Excerpts from a dataset:
==================================================

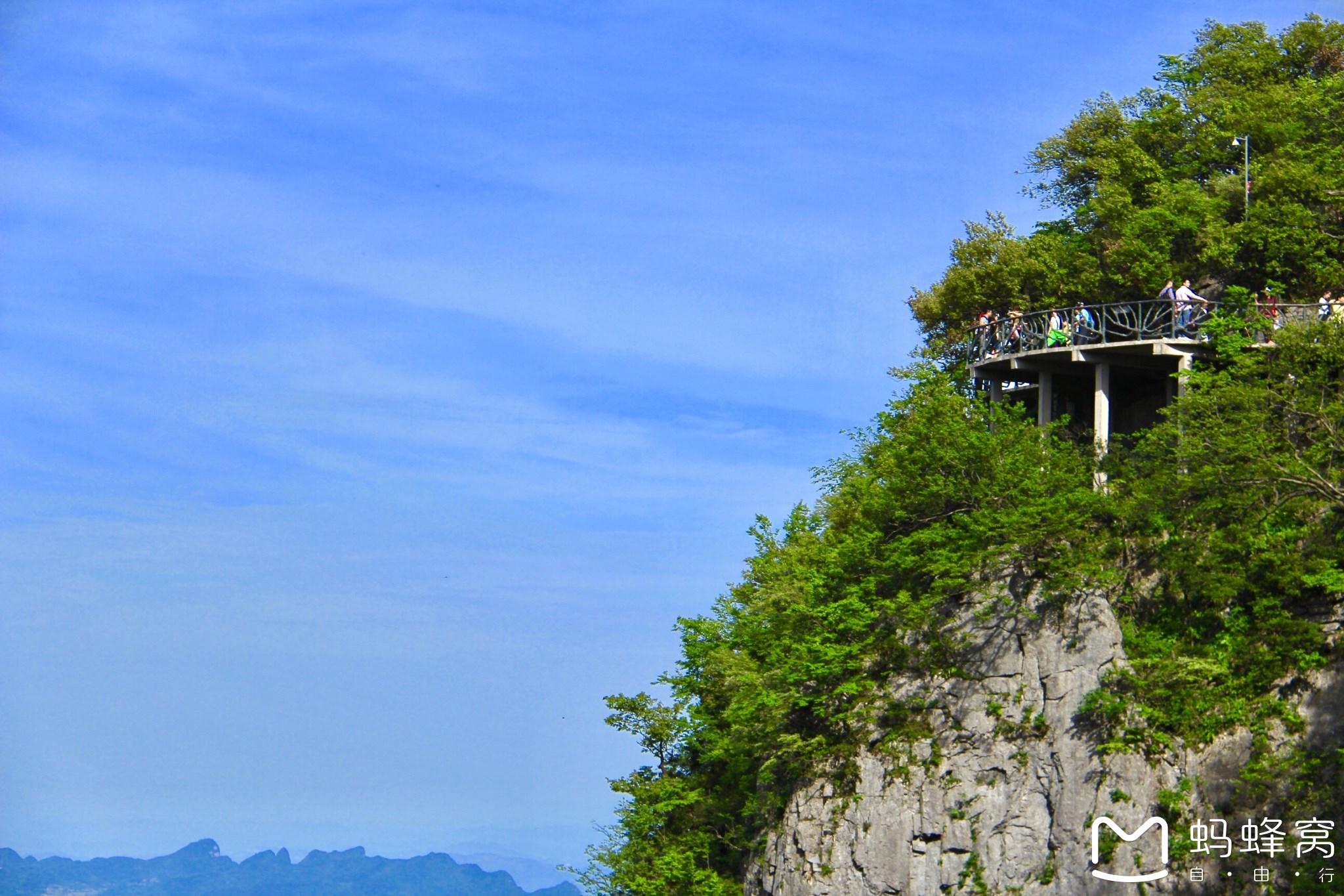 从缆车处可以去天门山的最高处云梦仙顶。云梦仙顶可以看到天门山的全景。曲天大道景色尽显眼底,通天大道总共十多公里,却有99处惊险急弯。
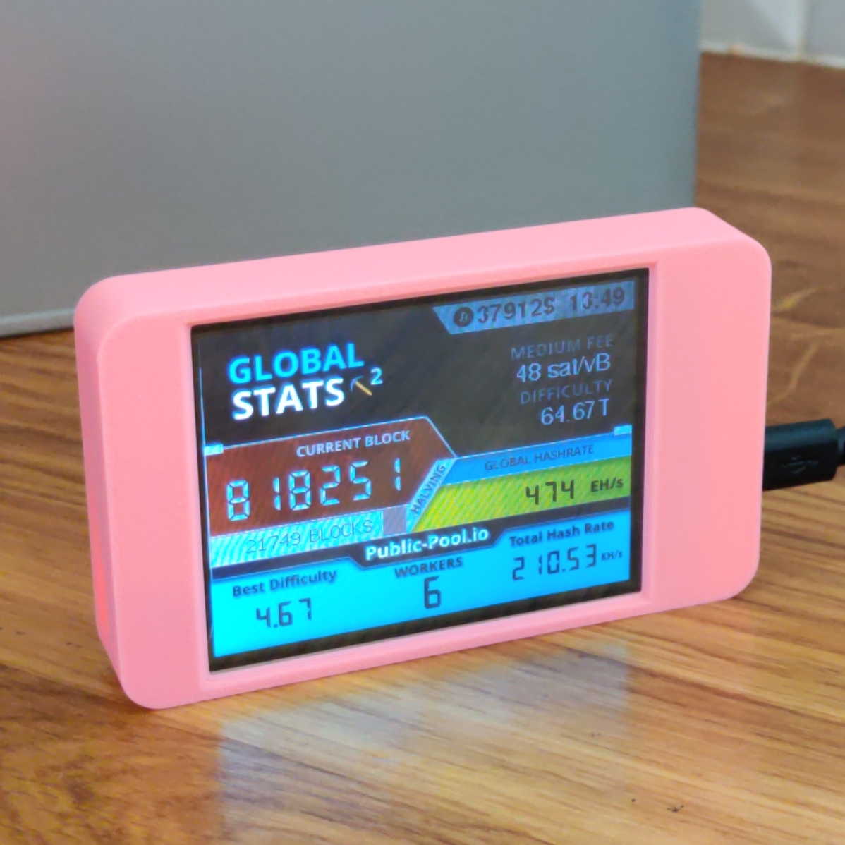 The BitMaker NerdMiner V2 in a new large format, fully built and ready to mine – complete with a simple yet beautiful case in a range of colours (back cover designs are random – if you’d like one in particular, just leave a note with your order).
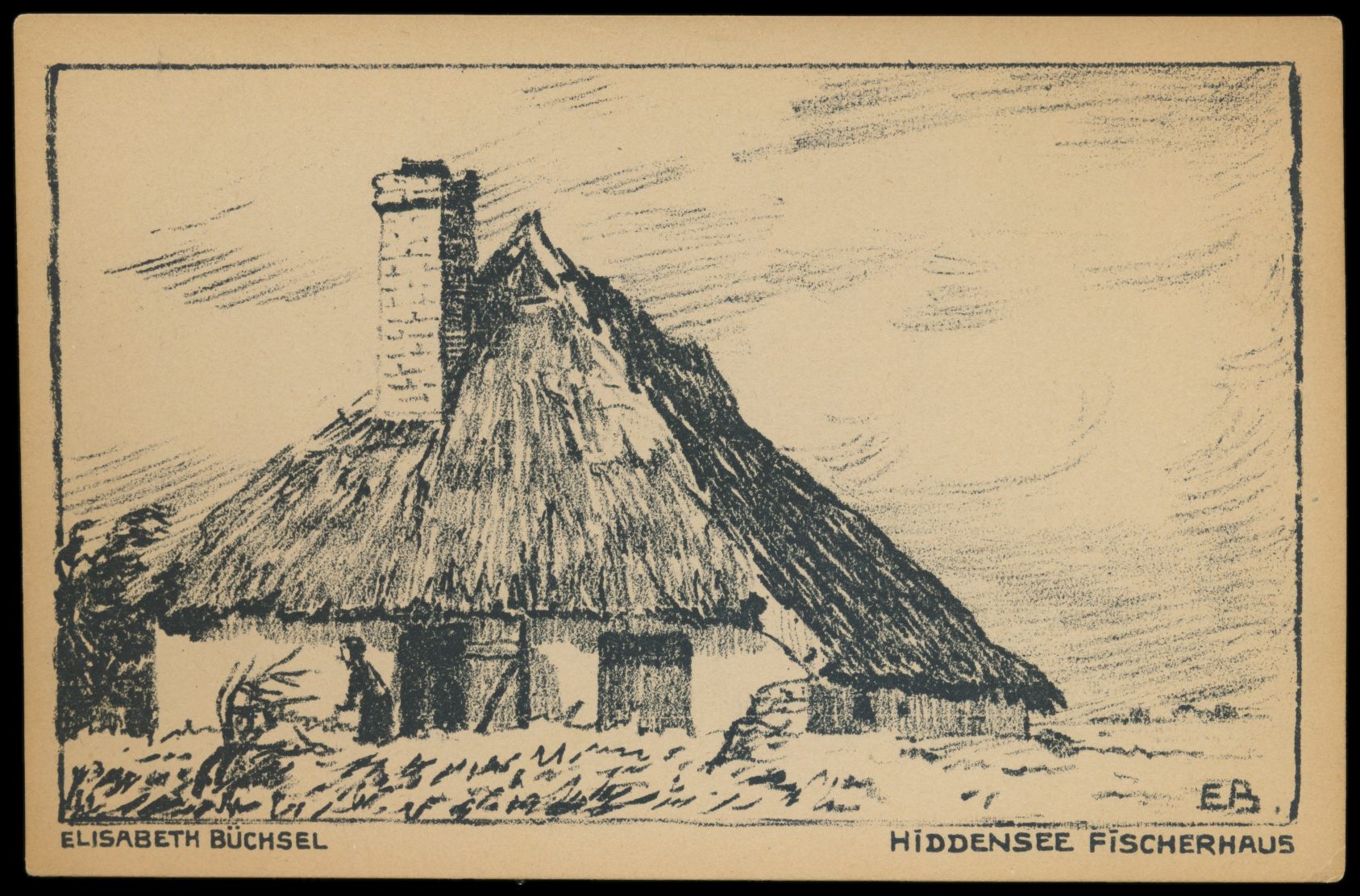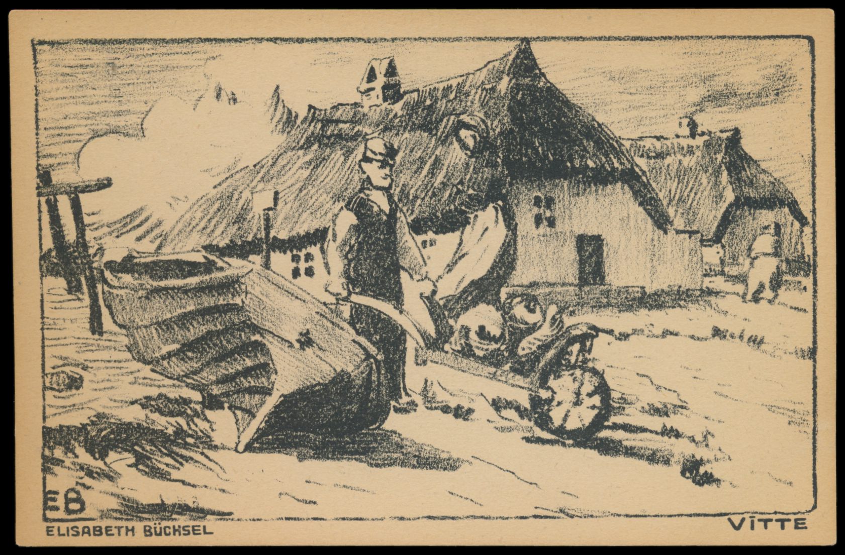 Rügen, 8 verschiedene Postkarten mit Bildern von Vitte, Hiddensee, Neuendorf usw., Schwarz-Zeichnungen signiert von Elisabeth Büchsel , Hiddenseer Künstlerinnenbund (1867-1957), Druck Litho-Anstalt Hubert Köhler, München, ungebraucht, ca. 1915
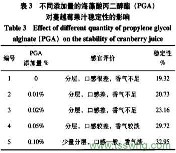 (3)海藻酸丙二醇酯(PGA)對蔓越莓果汁穩(wěn)定性的影響
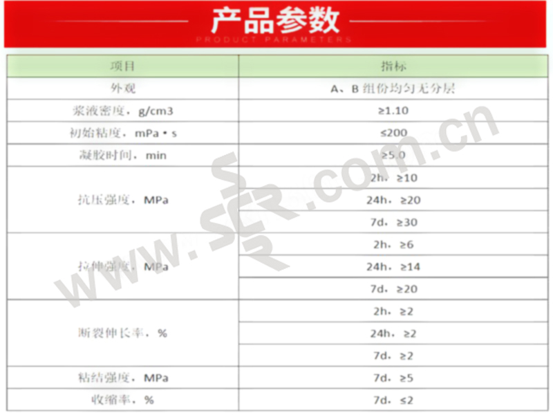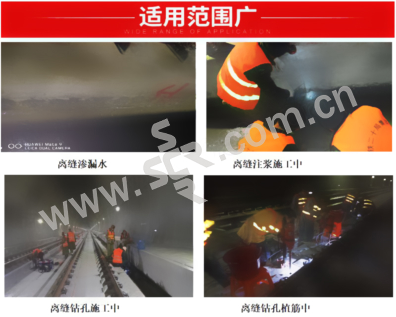 ·早强快固,改性后的环氧灌浆材料,2h抗压强度可达40MPa以上,在列车通行前即可超过混凝土本身的强度,特别适用于轨道板离缝灌浆。·2、操作时间适中,不爆聚。该改性环氧灌浆材料·3、水中固化效果好。改性后的环氧灌浆材料·4、环保性好,气味低。产品均采用无毒、低气味的原材料,且体系中无不反应组份,对人体、环境无损害

==================================================

Starting with the line that holds "(3)海藻酸丙二醇酯(PGA)對蔓越莓果汁穩(wěn)定性的影響", return each line exactly through the final line of the entries above; pictures are not part of the output.

Your response
 (3)海藻酸丙二醇酯(PGA)對蔓越莓果汁穩(wěn)定性的影響
 ·早强快固,改性后的环氧灌浆材料,2h抗压强度可达40MPa以上,在列车通行前即可超过混凝土本身的强度,特别适用于轨道板离缝灌浆。·2、操作时间适中,不爆聚。该改性环氧灌浆材料·3、水中固化效果好。改性后的环氧灌浆材料·4、环保性好,气味低。产品均采用无毒、低气味的原材料,且体系中无不反应组份,对人体、环境无损害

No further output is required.